Your copy should match the listing word for word, apart from the pictures, which are left out.
┌────────
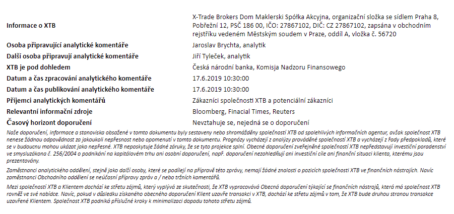 Rozdílové smlouvy jsou komplexní nástroje a v důsledku použití finanční páky jsou spojeny s vysokým rizikem rychlého vzniku finanční ztráty. U 75 % účtů retailových investorů došlo při obchodování s rozdílovými smlouvami u tohoto poskytovatele ke vzniku ztráty. Měli byste zvážit, zda rozumíte tomu, jak rozdílové smlouvy fungují, a zda si můžete dovolit vysoké riziko ztráty svých finančních prostředků. Investování je rizikové. Investujte zodpovědně. Tento materiál je marketingovou komunikací ve smyslu čl. 24 odst. 3 směrnice Evropského parlamentu a Rady 2014/65/EU ze dne 15. května 2014 o trzích finančních nástrojů, kterou se mění směrnice 2002/92/ES a směrnice 2011/61/EU (MiFID II). Marketingová komunikace není investiční doporučení ani informace doporučující či navrhující investiční strategii ve smyslu nařízení Evropského parlamentu a Rady (EU) č. 596/2014 ze dne 16. dubna 2014 o zneužívání trhu (nařízení o zneužívání trhu) a o zrušení směrnice Evropského parlamentu a Rady 2003/6/ES a směrnic Komise 2003/124/ES, 2003/125/ES a 2004/72/ES a nařízení Komise v přenesené pravomoci (EU) 2016/958 ze dne 9. března 2016, kterým se doplňuje nařízení Evropského parlamentu a Rady (EU) č. 596/2014, pokud jde o regulační technické normy pro technická ujednání pro objektivní předkládání investičních doporučení nebo jiných informací doporučujících nebo navrhujících investiční strategie a pro zveřejnění konkrétních zájmů nebo náznaků střetu zájmů nebo jakékoli jiné rady, a to i v oblasti investičního poradenství, ve smyslu zákona č. 256/2004 Sb., o podnikání na kapitálovém trhu. Marketingová komunikace je připravena s nejvyšší pečlivostí, objektivitou, prezentuje fakta známé autorovi k datu přípravy a neobsahuje žádné hodnotící prvky. Marketingová komunikace je připravena bez zohlednění potřeb klienta, jeho individuální finanční situace a nijak nepředstavuje investiční strategii. Marketingová komunikace nepředstavuje nabídku k prodeji, nabídku, předplatné, výzvu na nákup, reklamu nebo propagaci jakýchkoliv finančních nástrojů. Společnost XTB S.A., organizační složka nenese odpovědnost za jakékoli jednání nebo opomenutí klienta, zejména za získání nebo zcizení finančních nástrojů, na základě informací obsažených v této marketingové komunikaci. V případě, že marketingová komunikace obsahuje jakékoli informace o jakýchkoli výsledcích týkajících se finančních nástrojů v nich uvedených, nepředstavují žádnou záruku ani předpověď ohledně budoucích výsledků. Minulá výkonnost nemusí nutně vypovídat o budoucích výsledcích a každá osoba jednající na základě těchto informací tak činí zcela na vlastní riziko.
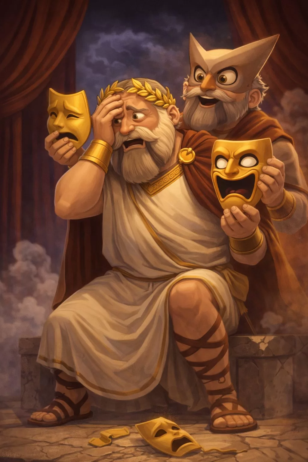 Aristotle considered anagnorisis the most powerful element—it’s what makes a tragedy rather than a sad story. Damocles filling out the forms on the way out is textbook anagnorisis — and notably, Aristotle prized it most when peripeteia and anagnorisis arrive together, which they do here.
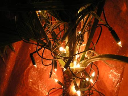 Omwille van de aangekondigde vorst (-4° tot -7° in het binnenland van Belgie) van de voorbije week bracht ik kerstverlichting (zoals Robbin ook doet) aan rond mijn phoenix canariensis. Na die paar nachten met kerstverlichting merkte ik dat de bladeren van de canariensis precies een beetje verdroogd waren.
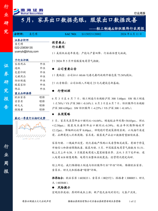 【渤海证券】【20240611】20240611-渤海证券-轻工制造&纺织服饰行业周报:5月,家具出口数据亮眼,服装出口数据改善-12页
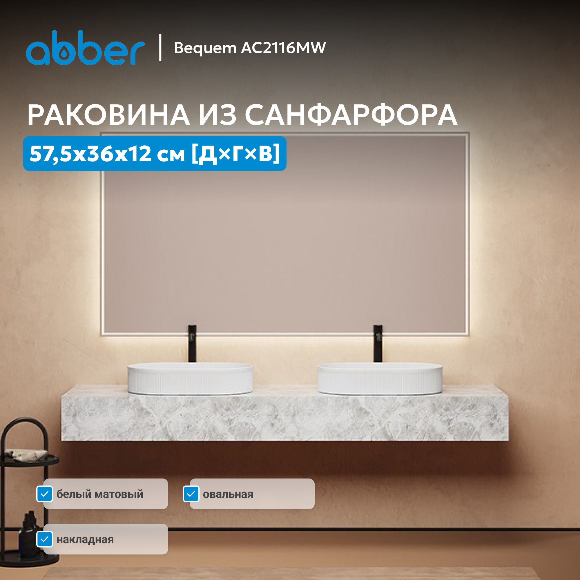 Раковина накладная ABBER Bequem AC2116MW белая матовая
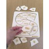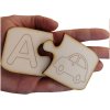Drevené puzzle Abeceda s obrázkami, ktoré deti môžu vymaľovať ľubovoľnými farbami, podporuje učenie abecedy a rozvoj kreativity zábavným spôsobom.
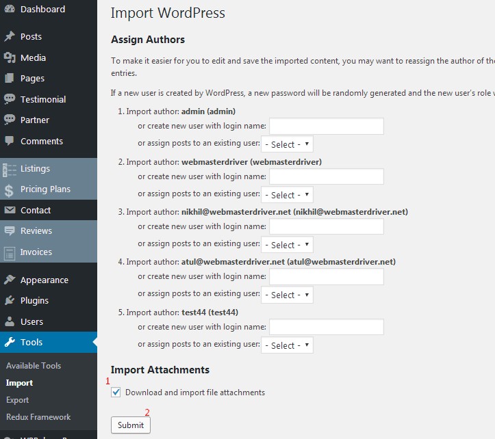 Please open the "Olomo CSV Importer" option and you can now start to add bulk listings from CSV file. Please download the CSV sample and make changes then upload it! Please check the screenshot here:
└────────
### TASK ANSWER:
 Rozdílové smlouvy jsou komplexní nástroje a v důsledku použití finanční páky jsou spojeny s vysokým rizikem rychlého vzniku finanční ztráty. U 75 % účtů retailových investorů došlo při obchodování s rozdílovými smlouvami u tohoto poskytovatele ke vzniku ztráty. Měli byste zvážit, zda rozumíte tomu, jak rozdílové smlouvy fungují, a zda si můžete dovolit vysoké riziko ztráty svých finančních prostředků. Investování je rizikové. Investujte zodpovědně. Tento materiál je marketingovou komunikací ve smyslu čl. 24 odst. 3 směrnice Evropského parlamentu a Rady 2014/65/EU ze dne 15. května 2014 o trzích finančních nástrojů, kterou se mění směrnice 2002/92/ES a směrnice 2011/61/EU (MiFID II). Marketingová komunikace není investiční doporučení ani informace doporučující či navrhující investiční strategii ve smyslu nařízení Evropského parlamentu a Rady (EU) č. 596/2014 ze dne 16. dubna 2014 o zneužívání trhu (nařízení o zneužívání trhu) a o zrušení směrnice Evropského parlamentu a Rady 2003/6/ES a směrnic Komise 2003/124/ES, 2003/125/ES a 2004/72/ES a nařízení Komise v přenesené pravomoci (EU) 2016/958 ze dne 9. března 2016, kterým se doplňuje nařízení Evropského parlamentu a Rady (EU) č. 596/2014, pokud jde o regulační technické normy pro technická ujednání pro objektivní předkládání investičních doporučení nebo jiných informací doporučujících nebo navrhujících investiční strategie a pro zveřejnění konkrétních zájmů nebo náznaků střetu zájmů nebo jakékoli jiné rady, a to i v oblasti investičního poradenství, ve smyslu zákona č. 256/2004 Sb., o podnikání na kapitálovém trhu. Marketingová komunikace je připravena s nejvyšší pečlivostí, objektivitou, prezentuje fakta známé autorovi k datu přípravy a neobsahuje žádné hodnotící prvky. Marketingová komunikace je připravena bez zohlednění potřeb klienta, jeho individuální finanční situace a nijak nepředstavuje investiční strategii. Marketingová komunikace nepředstavuje nabídku k prodeji, nabídku, předplatné, výzvu na nákup, reklamu nebo propagaci jakýchkoliv finančních nástrojů. Společnost XTB S.A., organizační složka nenese odpovědnost za jakékoli jednání nebo opomenutí klienta, zejména za získání nebo zcizení finančních nástrojů, na základě informací obsažených v této marketingové komunikaci. V případě, že marketingová komunikace obsahuje jakékoli informace o jakýchkoli výsledcích týkajících se finančních nástrojů v nich uvedených, nepředstavují žádnou záruku ani předpověď ohledně budoucích výsledků. Minulá výkonnost nemusí nutně vypovídat o budoucích výsledcích a každá osoba jednající na základě těchto informací tak činí zcela na vlastní riziko.
 Aristotle considered anagnorisis the most powerful element—it’s what makes a tragedy rather than a sad story. Damocles filling out the forms on the way out is textbook anagnorisis — and notably, Aristotle prized it most when peripeteia and anagnorisis arrive together, which they do here.
 Omwille van de aangekondigde vorst (-4° tot -7° in het binnenland van Belgie) van de voorbije week bracht ik kerstverlichting (zoals Robbin ook doet) aan rond mijn phoenix canariensis. Na die paar nachten met kerstverlichting merkte ik dat de bladeren van de canariensis precies een beetje verdroogd waren.
 【渤海证券】【20240611】20240611-渤海证券-轻工制造&纺织服饰行业周报:5月,家具出口数据亮眼,服装出口数据改善-12页
 Раковина накладная ABBER Bequem AC2116MW белая матовая
Drevené puzzle Abeceda s obrázkami, ktoré deti môžu vymaľovať ľubovoľnými farbami, podporuje učenie abecedy a rozvoj kreativity zábavným spôsobom.
 Please open the "Olomo CSV Importer" option and you can now start to add bulk listings from CSV file. Please download the CSV sample and make changes then upload it! Please check the screenshot here:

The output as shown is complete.